Page MenuHomePhabricator

[EPIC][Infra] Move Wikibase and WikibaseLexeme Git submodules to suitable Git host
Open, HighPublic

Description

Context

The Wikibase and WikibaseLexeme extension Git repositories have several submodules: some libraries and the new (mobile) termbox in Wikibase, and the new Special:NewLexeme page in WikibaseLexeme. Git repository options for them include:

  • GitHub: Currently the “canonical” repository for several of them (i.e. where actual development happens, if it happens); however, due to production network restrictions, GitHub cannot be used as the upstream URL of the submodules (T301273, I7b1e3cbafc)
  • Wikimedia Phabricator (Diffusion): Currently used as a mirror for the four repositories that live on GitHub, and registered in .gitmodules for them to work around the network restrictions mentioned above; however, access to Phabricator from cloud networks is severely rate-limited, so it is effectively not possible to clone these repositories from within GitHub Actions
  • Wikimedia Gerrit: Currently the “canonical” repository and .gitmodules URL for the three remaining submodules, but enforces a different development model
  • Wikimedia GitLab: Currently not used for any submodules, but allows a mostly GitHub-like development model without the network restrictions affecting GitHub and Phabricator

Main Objectives

  • Move the submodules for Wikibase and WikibaseLexeme from Phabricator, to GitLab. This includes
    • [Wikibase] view/lib/wikibase-serialization
    • [Wikibase] view/lib/wikibase-data-values
    • [Wikibase] view/lib/wikibase-data-model
    • [WikibaseLexeme] resources/special/new-lexeme

Mitigated Risks

  • Development slowdowns and stalls due to Diffusion's rate limiting
  • High context switching due to different tool use

Potential Tasks

...

Notes

We have several options to achieve our objective:

  1. Create the GitLab repositories and manually keep them up to date (i.e. push to them whenever we push to the original GitHub repositories, or at least whenever we want to update the submodule commit in Wikibase / WikibaseLexeme) while keeping development on GitHub
  2. Have the GitLab repositories automatically mirror the GitHub repositories, by having GitHub push to them from GitHub actions (having GitLab pull from GitHub automatically is sadly no longer supported – moved to GitLab Premium in 13.9)
  3. Actually move development of the repositories to GitLab and treat GitLab as the “canonical” source

I think these options are not mutually exclusive – in fact, it’s probably easiest to start with 1 and then optionally upgrade to 2 and/or 3 later if we want to.

Open question: Which GitLab namespace should we use? CC @thcipriani or @LSobanski from our earlier discussion – is there a recommended namespace for GitLab repositories that will be used in the production MediaWiki environment?

Event Timeline

One case that needs testing is whether GitHub pulling from GitLab could be influenced by the work done in T366882: implement anti-abuse features for GitLab (Move GitLab behind the CDN).
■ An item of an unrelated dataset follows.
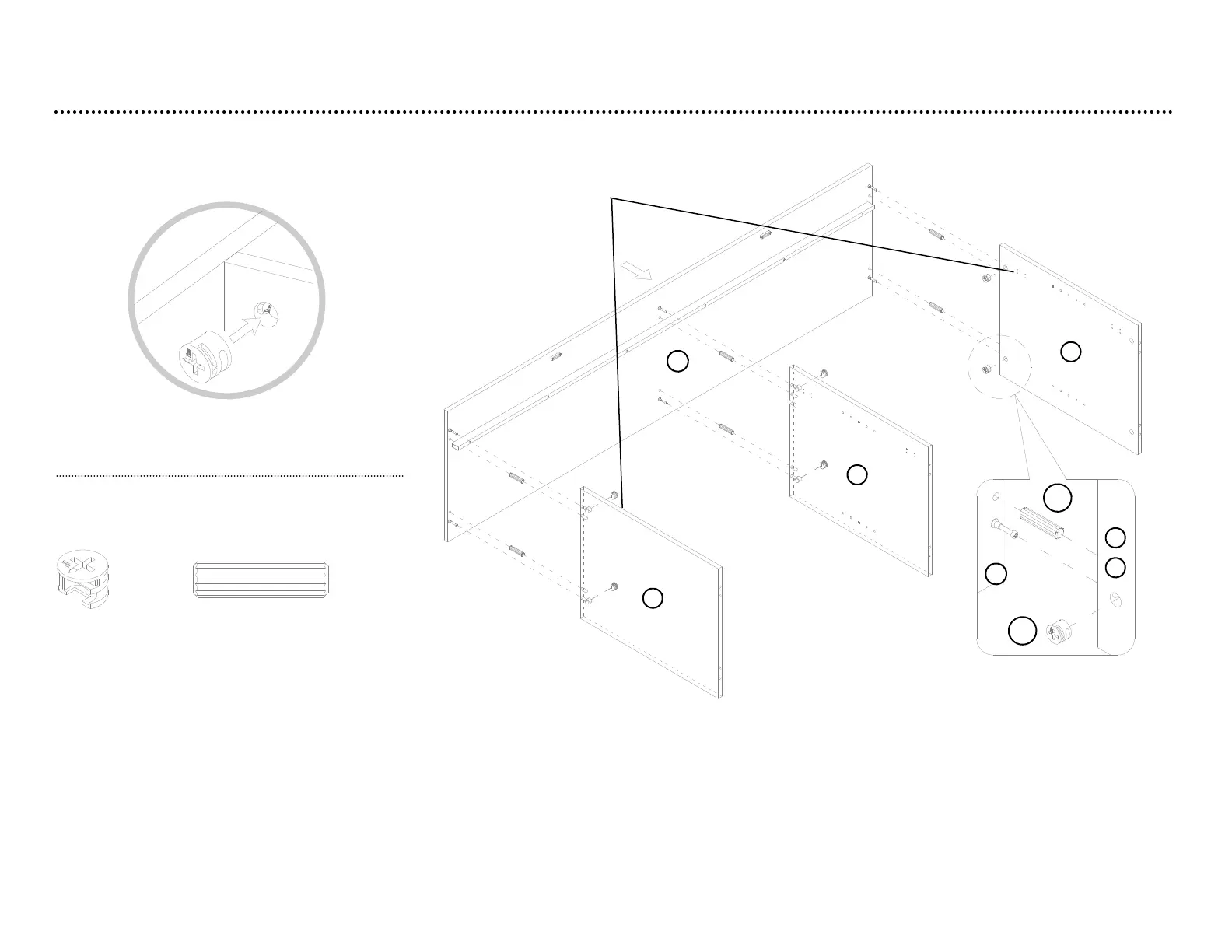 6.2. Orient and attach the side panels (D) and partition panel (E) to the top panel (A) using six cam locks (H1).

Do we know how many concurrent connections GitHub Actions create?

I don’t think we have any specific access numbers. If the limits are reasonably high, I think we’ll just have to hope for the best – it doesn’t sound like we have other options anyway.

ItamarWMDE renamed this task from Move Wikibase and WikibaseLexeme Git submodules to suitable Git host to [Infra][EPIC] Move Wikibase and WikibaseLexeme Git submodules to suitable Git host.Sep 26 2024, 1:28 PM
ItamarWMDE updated the task description. (Show Details)
ItamarWMDE added subscribers: WMDE-leszek, ItamarWMDE.

@Lucas_Werkmeister_WMDE I've rewritten this ticket to match our EPIC format, please feel free to update any missing information or correct any mistakes.

@WMDE-leszek I saw you sent a message regarding this topic, are your plans impacted by this, are they covered by this epic?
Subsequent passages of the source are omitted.